Mirroring looks a little different as the child develops. Parents may begin to mirror a child’s hopes and dreams, letting them work through thoughts and develop beliefs, helping them get a sense of who they are in the world. A teenage daughter may dream of being an engineer, and a good mirroring parent will encourage this dream, cultivate it, and ask good questions to help the child consider what this dream means. Ultimately, it’s less important if this particular dream is achievable or if the child even sticks with it. What’s important in that moment is that a good parent allows his child to develop a stronger sense of herself and how she can achieve what she wants. 

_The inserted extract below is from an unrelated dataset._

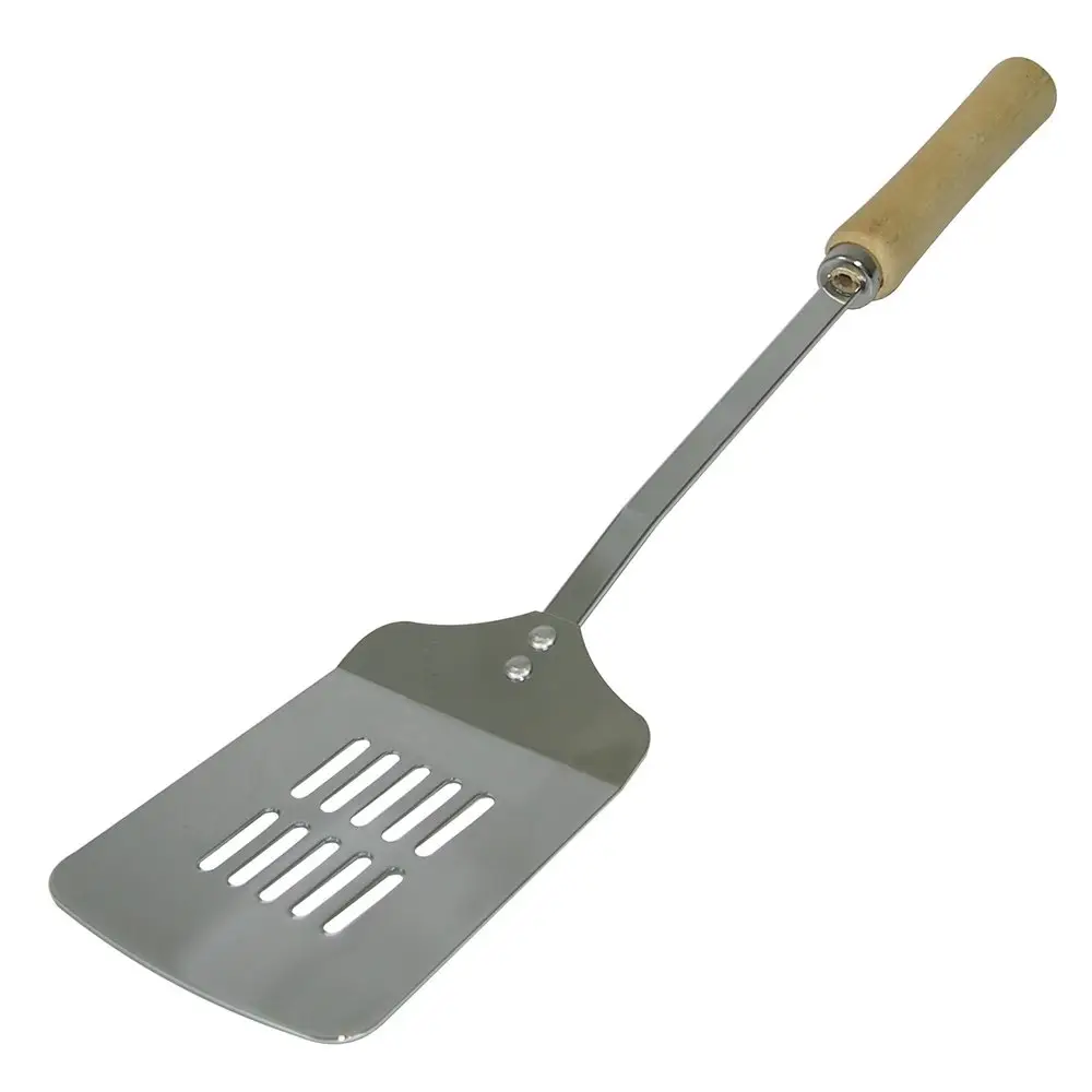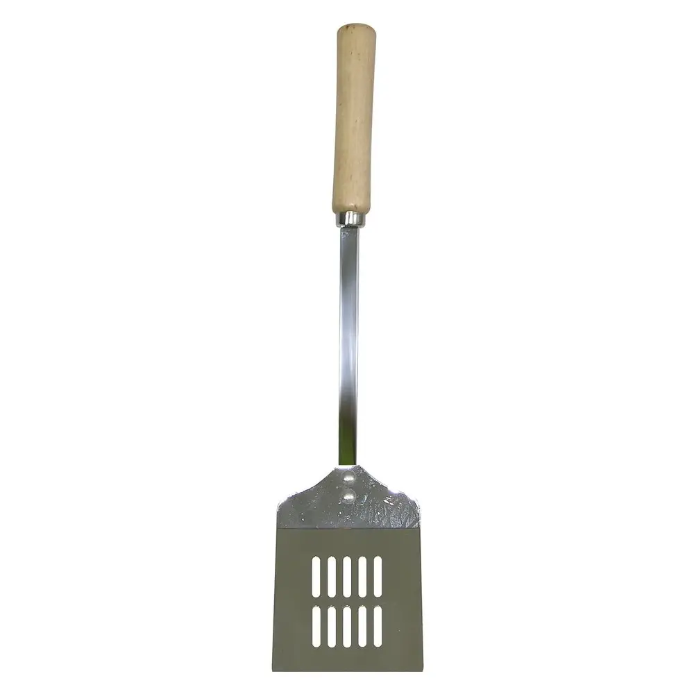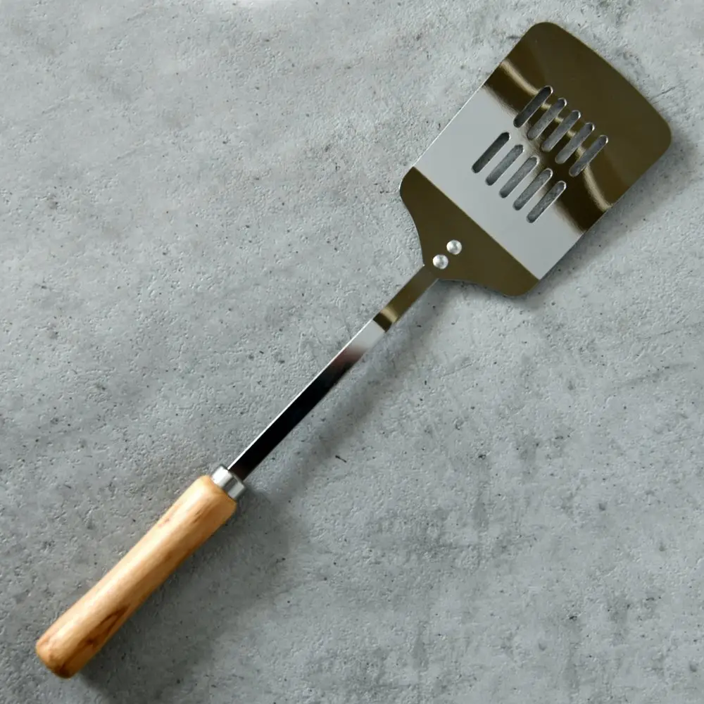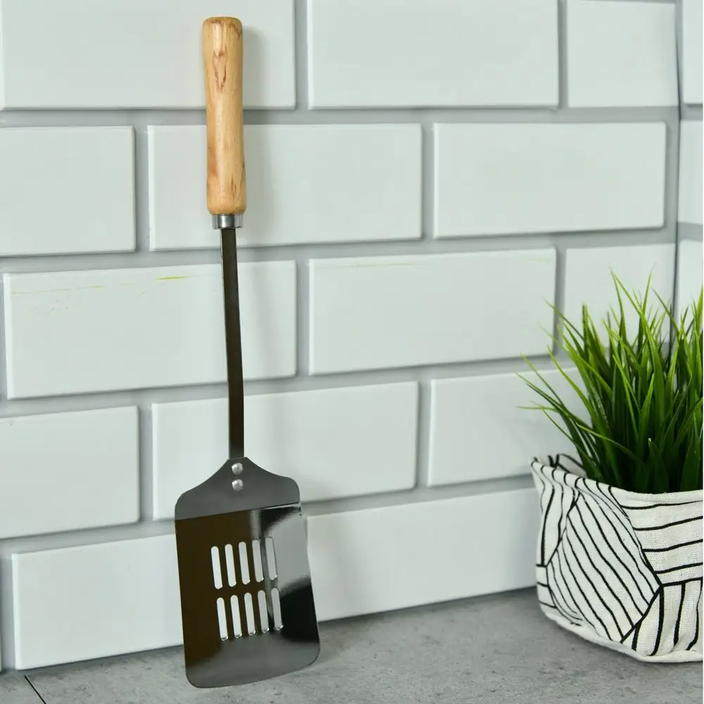 Металлическая лопатка – это прочное и долговечное изделие, которое пригодится в каждом доме. С точки зрения функциональности, металлические лопатки востребованы и не теряют своей популярности. Материал выдерживает высокие температуры, не вступает в реакцию с продуктами. Рабочей частью удобно отскребать пригоревшую пищу. Для сковородок без антипригарного покрытия — идеальный вариант. Лопатка для кухни выполнена их хромированного металла, не ржавеет и не портится со временем. От контакта с горячей поверхностью надежно защитит деревянная ручка. Дизайн подойдет практически к любому кухонному интерьеру. После каждого использования мойте изделие губкой с моющим средством.

However, sometimes parental mirroring breaks down. This is especially true for parents who never received good mirroring in their own childhood. These parents may begin to look to their own children as mirrors of themselves. In other words, if a mother never got the chance to develop her sense of self in the mirror of her own mother, she may begin to look for ways her child mirrors her - as a way to gain a sense of self from her child. The proper order of things gets flipped upside down.

A breakdown in mirroring often goes unnoticed, especially when the child learns to mirror the parent as the parent searches for a sense of self. However, if the child does not mirror the parent well, the child is seen as the problem, and the parents may encourage the child to conform or cut the child off from the family system. As you can see, this is problematic! The child is not given the chance to develop a sense of herself because she becomes preoccupied with mirroring her parent - or she becomes disenfranchised by the family cut off. 

The good news is that it is never too late to correct a lack of childhood mirroring. Parents can learn to mirror their children as they look to other sources (like psychotherapy) to develop a better sense of themselves. Adults can learn to mourn the loss of the mirroring they so needed in childhood and begin to develop their own sense of self. It’s never too late!